Most infosec bugs are really boring after a while. But processor ones are always crazy and fascinating because processors are basically a hornet's nest of witchcraft and mayhem stacked on top of each other all the way down.

Matt Tait

# 9:54 am / security

Jan. 8, 2018

Himalayan Database: From Visual FoxPro GUI to JSON API with Datasette (via) The Himalayan Database is a compilation of records for all expeditions that have climbed in the Nepalese Himalaya, originally compiled by journalist Elizabeth Hawley over several decades. The database is published as a Visual FoxPro database—here Raffaele Messuti‏ provides step-by-step instructions for extracting the data from the published archive, converting them to CSV using dbfcsv and then converting the CSVs to SQLite using csvs-to-sqlite so you can browse them using Datasette.

# 7:26 pm / csv, datasette

Statistical NLP on OpenStreetMap. libpostal is ferociously clever: it’s a library for parsing and understanding worldwide addresses, built on top of a machine learning model trained on millions of addresses from OpenStreetMap. Al Barrentine describes how it works in this fascinating and detailed essay.

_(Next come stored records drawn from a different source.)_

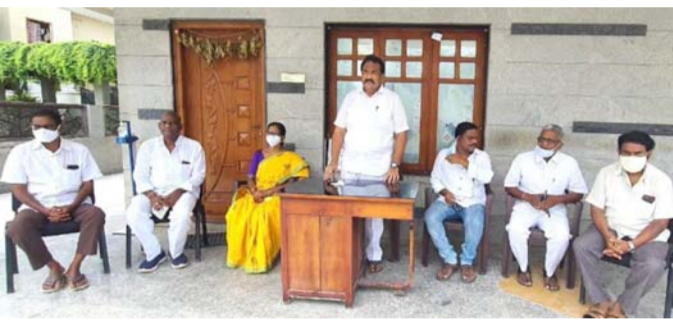
రద్దుచేశారు. ప్రభుత్వం ఏర్పడ్డ రెండేళ్లలో ఒక్క డీ.ఎస్సీ నీ నిర్వహించలేదు. టీడీపీ ప్రభుత్వంలో రెండు డీ.ఎస్సీ లు నిర్వహించి నిరుద్యోగులకు 16 వేల పైగా ఉద్యోగాలు కల్పించారని బండారు అన్నారు. కోవేడ్ సమయంలో ఎంతో మంది ఉపాధ్యాయులు మరణిస్తే ఈ ప్రభుత్వం పట్టించుకోలేదు. లక్షల మంది అలమటి న్నూన్నారు. వారిని ప్రభుత్వం ఆదుకోవాలి, నాడు నేడు విద్యార్థులకు విదేశీ విద్య, ఉన్నత విద్యా పథకాలు నిరుద్యోగ భృతి

నిలిపివేశారు. దీనివలన పలువురు ఎస్సీ, ఎస్టీ, బిసి, ఓసీ పేద విద్యార్థులు నష్టపోయారని అన్నారు. ఉన్నత విద్య కోసం గత నంవత్సరం 2.270 కోట్లు కేటాయిస్తే ఈ సంవత్సరానికి గాను రూ 1.9 70 కోట్లు కేటాయించి రూ 300 కోట్లు ప్రభుత్వం కోత పెట్టింది. రాష్ట్ర భవిష్యత్తుకు మూలాధారమైన విద్యారంగానికి అవసరమైన రీతిలో నిధులు కేటాయించడం లేదు గానీ ప్రచార ఆర్థికాలకు మాత్రం రూ. 5 కోట్లు ఖర్చు చేస్తున్నారని గొప్పలు బారెడు బండారు ఎద్దేవా చేశారు. పేద విద్యార్థులకు విదేశీ విద్య, ఉన్నత విద్యా పథకాలు నిరుద్యోగ భృతి
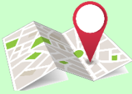
موقعیت روی نقشه
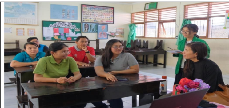
Gambar 1. Diskusi dan wawancara permasalahan yang dihadapi guru

Kegiatan Pengabdian kepada Masyarakat ini sudah dilakukan sesuai dengan analisis situasi di lapangan. Survei dan pemetaan yang dilakukan di awal pengabdian menunjukkan bahwa kompetensi guru di SD 11 Dauh Puri di bidang IT dan pemanfaatan teknologi perlu dilakukan. Salah satu keluhan guru adalah terbatasnya pembuatan materi ajar dan keterbatasan waktu untuk melakukan assessment atau penilaian. Pengabdian kepada Masyarakat melalui pendampingan dan pemanfaatan canva serta quizziz untuk pembuatan bahan ajar disambut baik oleh guru-guru. Guru merasa terbantu, meskipun sudah mendapatkan pelatihan dari pemerintah. Berikut adalah salah satu dokumentasi pendampingan dan sosialisasi di SD 11 Dauh Puri.

# 7:33 pm / machine-learning, nlp, openstreetmap

[On Meltdown's impact on hosting costs] The reality is that we have been living with borrowed performance. The new reality is that security is too important and can not be exchanged for speed. Time to profile, tune and optimize.

Miguel de Icaza‏

# 7:35 pm / migueldeicaza, security

csvkit. “A suite of command-line tools for converting to and working with CSV”—includes a huge range of utilities for things like converting Excel and JSON to CSV, grepping, sorting and extracting a subset of columns, combining multiple CSV files together and exporting CSV to a relational database. Worth reading through the tutorial which shows how the different commands can be piped together.

# 9:03 pm / csv, datasette

Jan. 9, 2018

ftfy—fix unicode that’s broken in various ways (via) I shipped a small web UI wrapper around the excellent Python FTFY library, which can take broken unicode strings and suggest a sequence of operations that can be applied to get back sensible text.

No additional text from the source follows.